▸ Task brief
Give back the lines below verbatim, omitting all pictures.

▸ Records contained in a dataset
----------

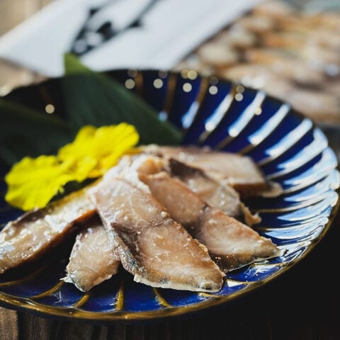 <梶賀のあぶり(大鯖・稚鰤)>直火でじっくり炙った魚の旨味と燻製の香りを楽しめる漁師町伝統の郷土食。塩のみのシンプルな味付けなので、出汁茶漬けにもおすすめ。
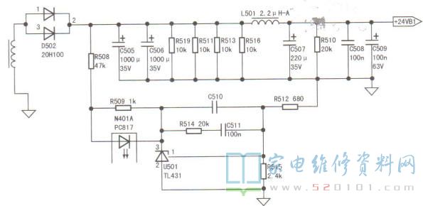 接修一台长虹58Q1N液晶电视(ZLM50H-iS机芯),故障表现为上电后指示灯亮,不开机。检测电源板输出的12.3V电压正常,但24V输出电压只有20V。断开LED驱动板供电插座coN401后,24V输出电压仍偏低,判定故障由电源板引起。该机采用HSL50S-1M2型电源,24V稳压取样电路如图所示。检测U501(TL431)、N401(PC817)及外围元件都正常,补焊C510、C511后试机,24V输出电压正常,故障排除。
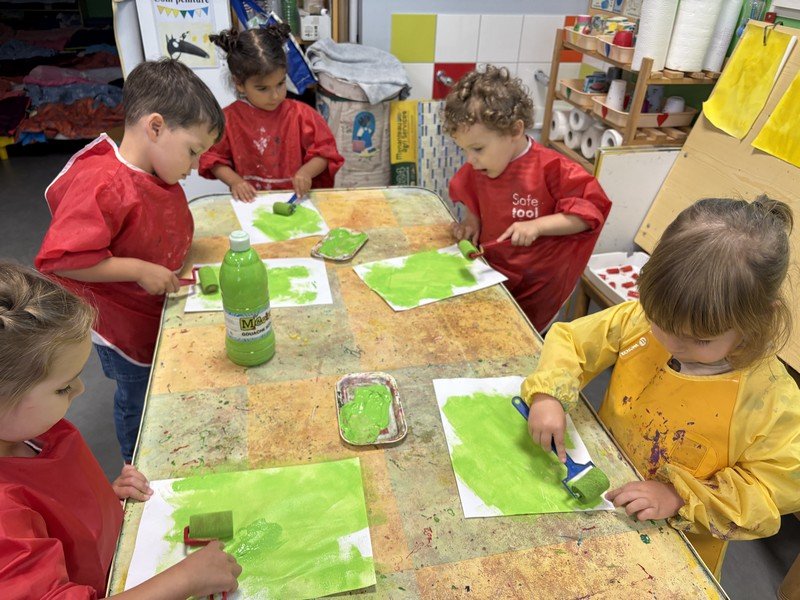 Les enfants se sont appliqués pour réaliser une couverture pour leur cahier de vie : peinture au rouleau ; peinture avec la technique du transfert ; collage pour assembler… Une composition sur le thème de l’année : les élèves de Petite Section sont les petits JARDINIERS.
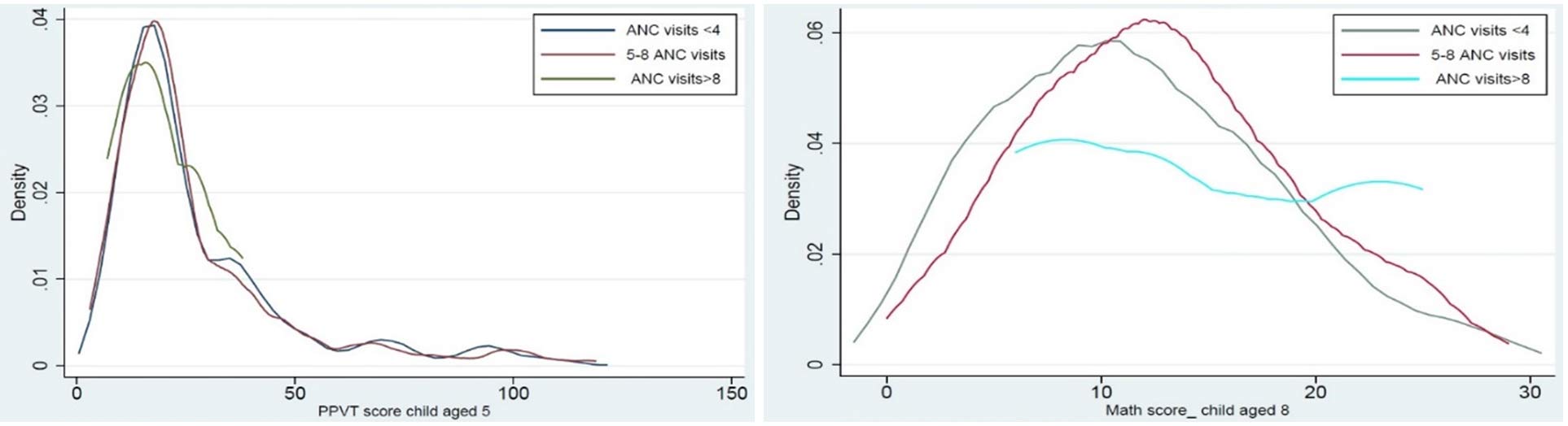 Figure 1. Kernel density estimates of the number of maternal ANC visits on the PPVT (left) and math scores of children (right),
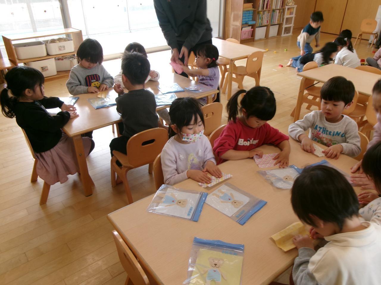3月の製作で折り紙を使ってちょうちょうをつくりました。好きな柄の折り紙と無地の折り紙を2枚じゃばら折りにします。保育教諭の見本を見ながら線の向きや折る幅を確認し、端と端が揃うように丁寧に折り進めています。「これであってる?」と近くの友だちや保育教諭に確認をしながら自分で折る姿が見られます。
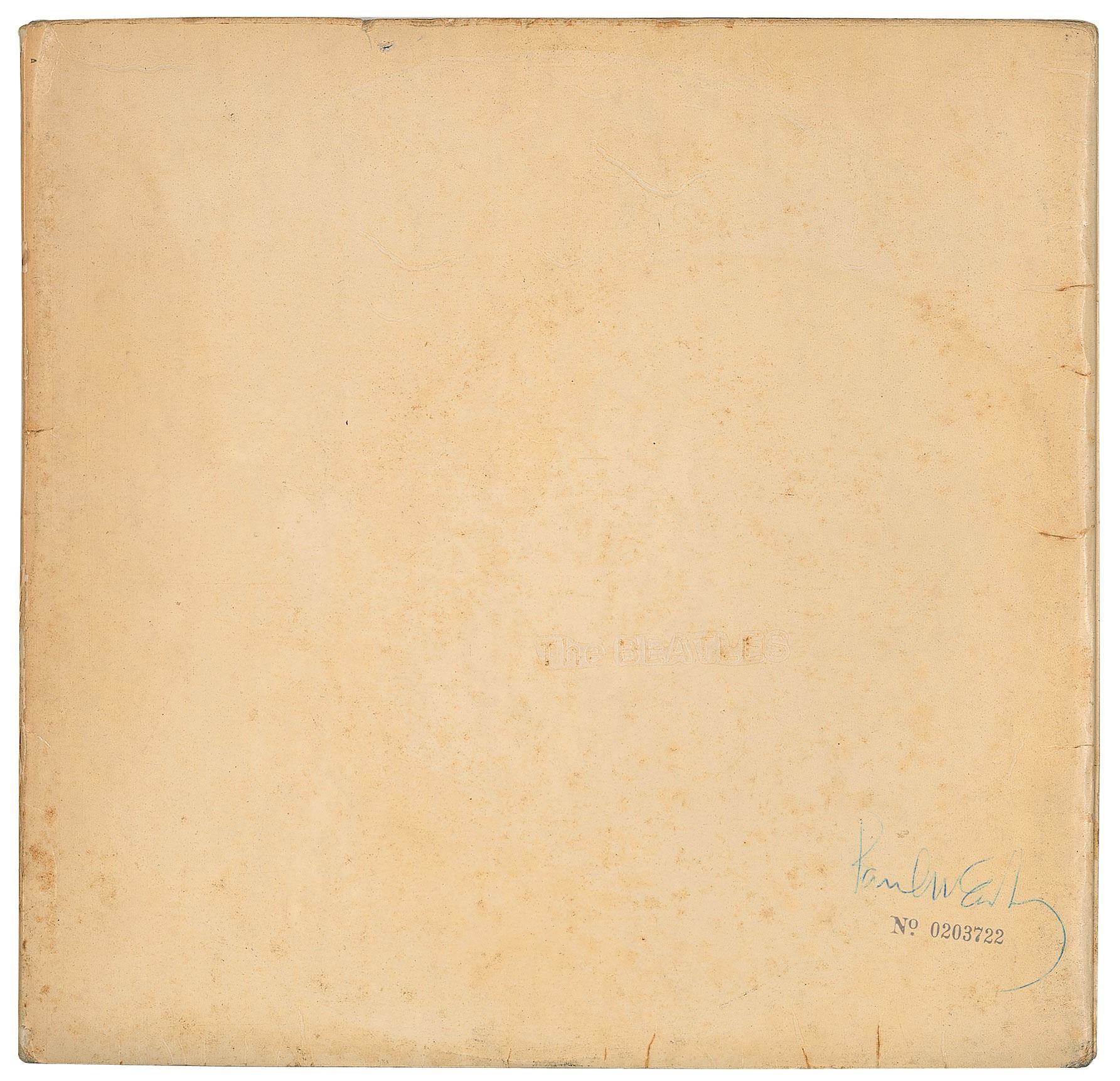 Self-titled 'White' album by the Beatles, signed on the front cover in blue ballpoint by Paul McCartney. In very good condition, with overall foxing, staining, edge wear, and some skipping to the signature. The record is included. Consignor notes that the autograph was obtained at the Hotel Montíboli in Alicante, Spain in the summer of 1972 while on vacation with his wife Linda and their daughter Stella. Includes a letter of provenance from the previous Spanish owner, who notes that McCartney 'signed this album for a fan called Henrriette, this took place on the terrace of the Montibal Hotel in the Alicante town of Villajoyosa in the summer of 1972.' Accompanied by a certificate of authenticity from Tracks.

----------

▸ Problem solution
 <梶賀のあぶり(大鯖・稚鰤)>直火でじっくり炙った魚の旨味と燻製の香りを楽しめる漁師町伝統の郷土食。塩のみのシンプルな味付けなので、出汁茶漬けにもおすすめ。
 接修一台长虹58Q1N液晶电视(ZLM50H-iS机芯),故障表现为上电后指示灯亮,不开机。检测电源板输出的12.3V电压正常,但24V输出电压只有20V。断开LED驱动板供电插座coN401后,24V输出电压仍偏低,判定故障由电源板引起。该机采用HSL50S-1M2型电源,24V稳压取样电路如图所示。检测U501(TL431)、N401(PC817)及外围元件都正常,补焊C510、C511后试机,24V输出电压正常,故障排除。
 Les enfants se sont appliqués pour réaliser une couverture pour leur cahier de vie : peinture au rouleau ; peinture avec la technique du transfert ; collage pour assembler… Une composition sur le thème de l’année : les élèves de Petite Section sont les petits JARDINIERS.
 Figure 1. Kernel density estimates of the number of maternal ANC visits on the PPVT (left) and math scores of children (right),
3月の製作で折り紙を使ってちょうちょうをつくりました。好きな柄の折り紙と無地の折り紙を2枚じゃばら折りにします。保育教諭の見本を見ながら線の向きや折る幅を確認し、端と端が揃うように丁寧に折り進めています。「これであってる?」と近くの友だちや保育教諭に確認をしながら自分で折る姿が見られます。
 Self-titled 'White' album by the Beatles, signed on the front cover in blue ballpoint by Paul McCartney. In very good condition, with overall foxing, staining, edge wear, and some skipping to the signature. The record is included. Consignor notes that the autograph was obtained at the Hotel Montíboli in Alicante, Spain in the summer of 1972 while on vacation with his wife Linda and their daughter Stella. Includes a letter of provenance from the previous Spanish owner, who notes that McCartney 'signed this album for a fan called Henrriette, this took place on the terrace of the Montibal Hotel in the Alicante town of Villajoyosa in the summer of 1972.' Accompanied by a certificate of authenticity from Tracks.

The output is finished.